*BRIEF*. The result should be an exact copy of only the lines from the one holding "场景内GameObject上有个脚本HelloWorld,点击打开" through the last line of the data below, please, without pictures.

[Opening DATASET EXCERPT section]

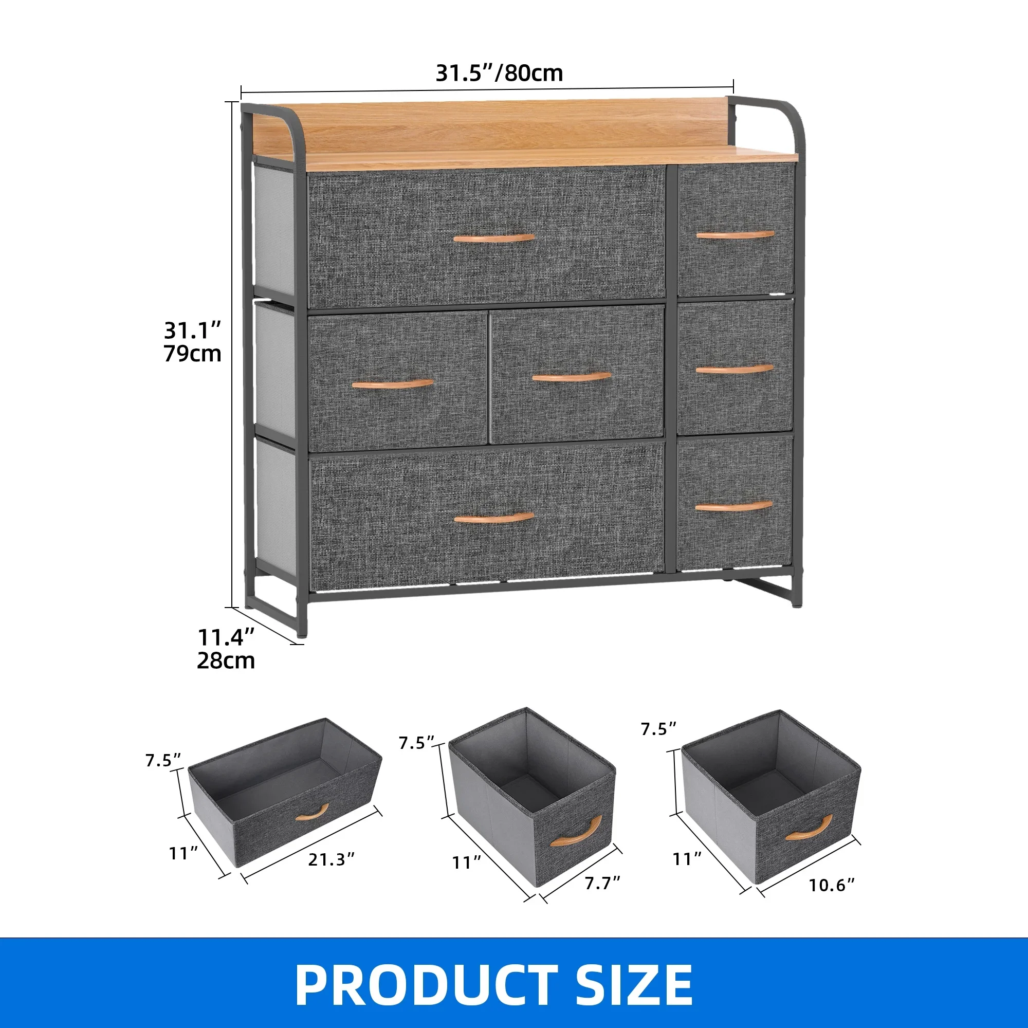 • LARGE CAPACITY - 7 drawers of different sizes provide ample storage space and are easy to organize. Overall dimensions: 31.5" L x 11.4" W x 31.1" H. Drawer dimensions: 21" L x 11" W x 7.6" H / 11" L x 11" W x 7.6" H / 7.9" L x 11" W x 7.6" H.
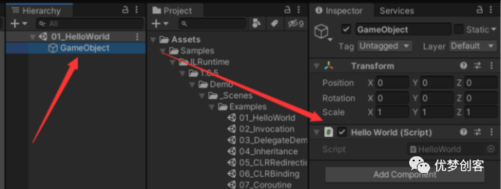 场景内GameObject上有个脚本HelloWorld,点击打开
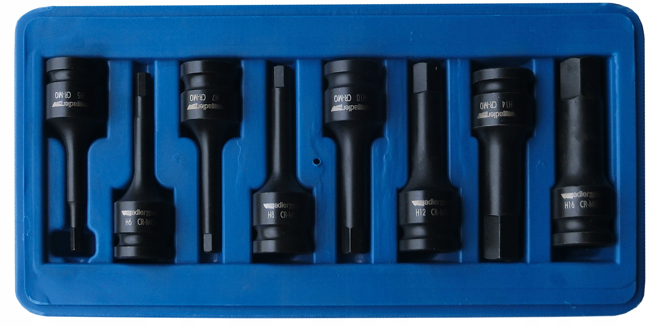 Набор шестигранных головок (ШЕСТИГР. ) ударные головки с хвостовиком 1/2". Набор расположен в прочном пластиковом кейсе и содержит 8 шестигранных ударных головок из сплава хром-молибденовой стали.

[Closing DATASET EXCERPT section]

*TASK OUTPUT*.
 场景内GameObject上有个脚本HelloWorld,点击打开
 Набор шестигранных головок (ШЕСТИГР. ) ударные головки с хвостовиком 1/2". Набор расположен в прочном пластиковом кейсе и содержит 8 шестигранных ударных головок из сплава хром-молибденовой стали.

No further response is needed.